The problem — Repeat only the lines below from the one that contains "作品にも登場する「いもむしパ" through the final line, exactly. Omit pictures.

Provided material —
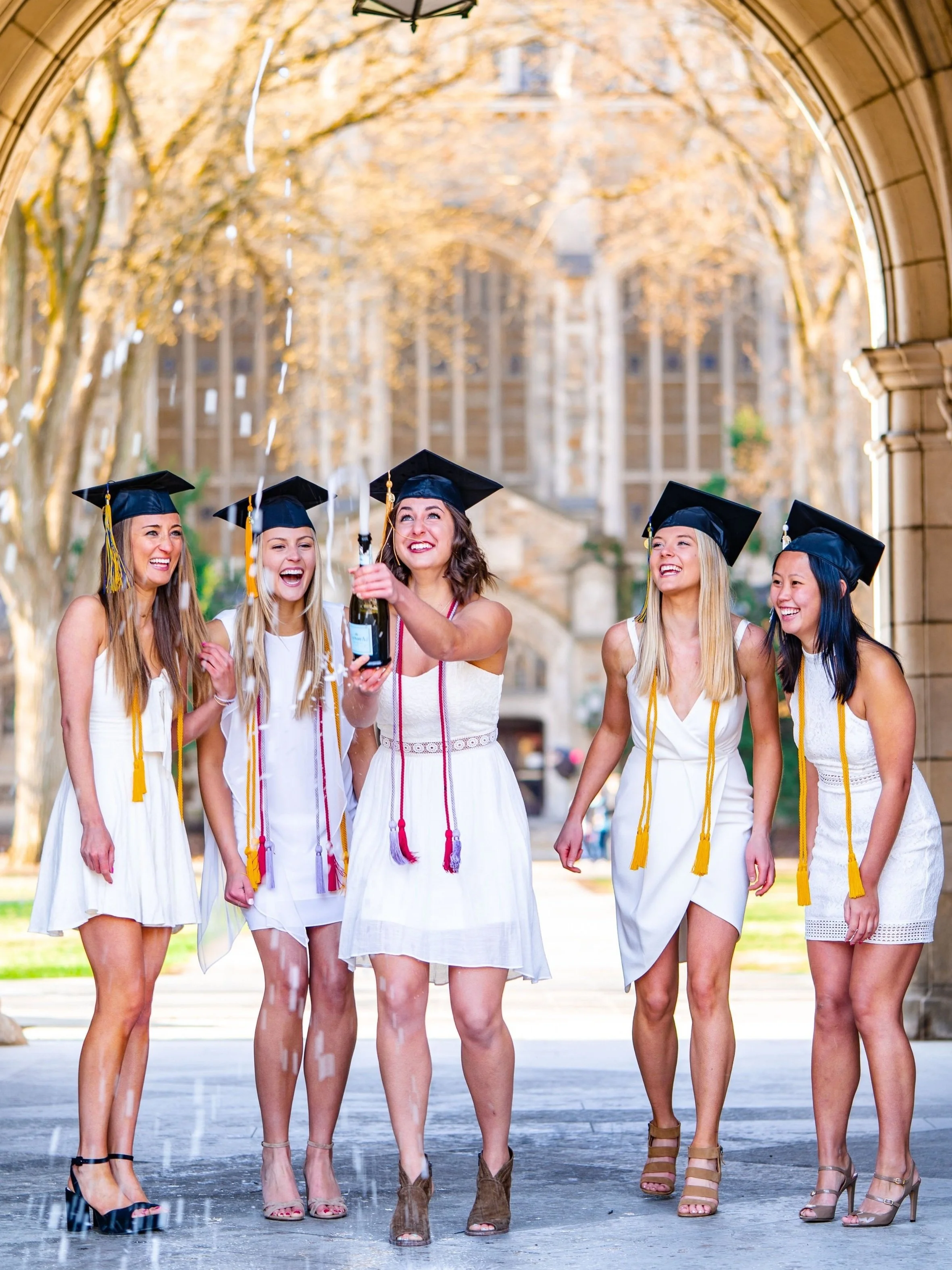 Incorporate celebration props like champagne bottles to add an unforgettable & celebratory feel to your graduation photos. Capturing moments like the champagne popping and spraying contributes action and vibrancy. Alternatively, using a pack of beer can stir up fond memories, especially when shared with friends. You’ll remember this moment forever, most likely.
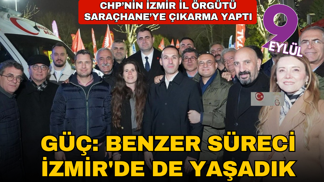 Açıklamasında İzmir'de yaşanan süreçlere de değinen Güç, "Benzer süreci İzmir'de de yaşadığımızı herkes biliyor. İzmirli halkımız biliyor" dedi. İktidara yönelik eleştirilerini sürdüren Güç, "Ülkeyi yönetecek kadrolarımızı bugün hapiste çürütmeye çalışan bu siyasal iktidarın, gelecekteki kadroları durduramayacağını herkesin bilmesi gerekiyor" diye konuștu. Güç, açıklamasını şu sözlerle tamamladı: "Bizler CHP neferleri olarak bu sürece asla boyun eğmeyeceğimizi buradan ilan ediyoruz."
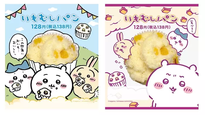 作品にも登場する「いもむしパン」。四角いおいもの乗った、ふかふかの蒸しパンです。パッケージデザインは全2種類。※沖縄県は価格・仕様が異なります。
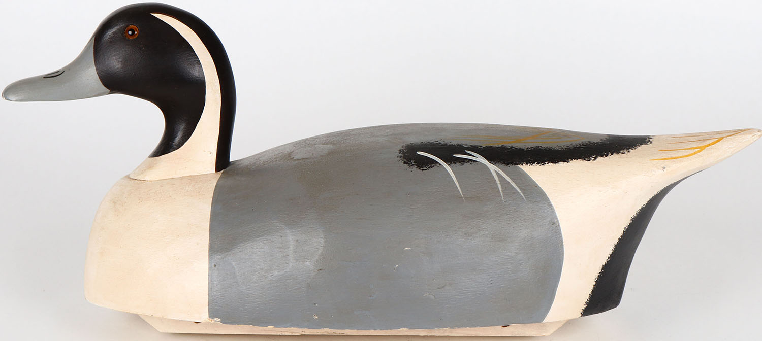 Pintail Drake by Wildfowler Decoys, Babylon, N.Y. glass eyes, hollow wood, structurally excellent, branded on bottom, original paint. Grade: MINT - Value: 50 to 150

The answer —
 作品にも登場する「いもむしパン」。四角いおいもの乗った、ふかふかの蒸しパンです。パッケージデザインは全2種類。※沖縄県は価格・仕様が異なります。
 Pintail Drake by Wildfowler Decoys, Babylon, N.Y. glass eyes, hollow wood, structurally excellent, branded on bottom, original paint. Grade: MINT - Value: 50 to 150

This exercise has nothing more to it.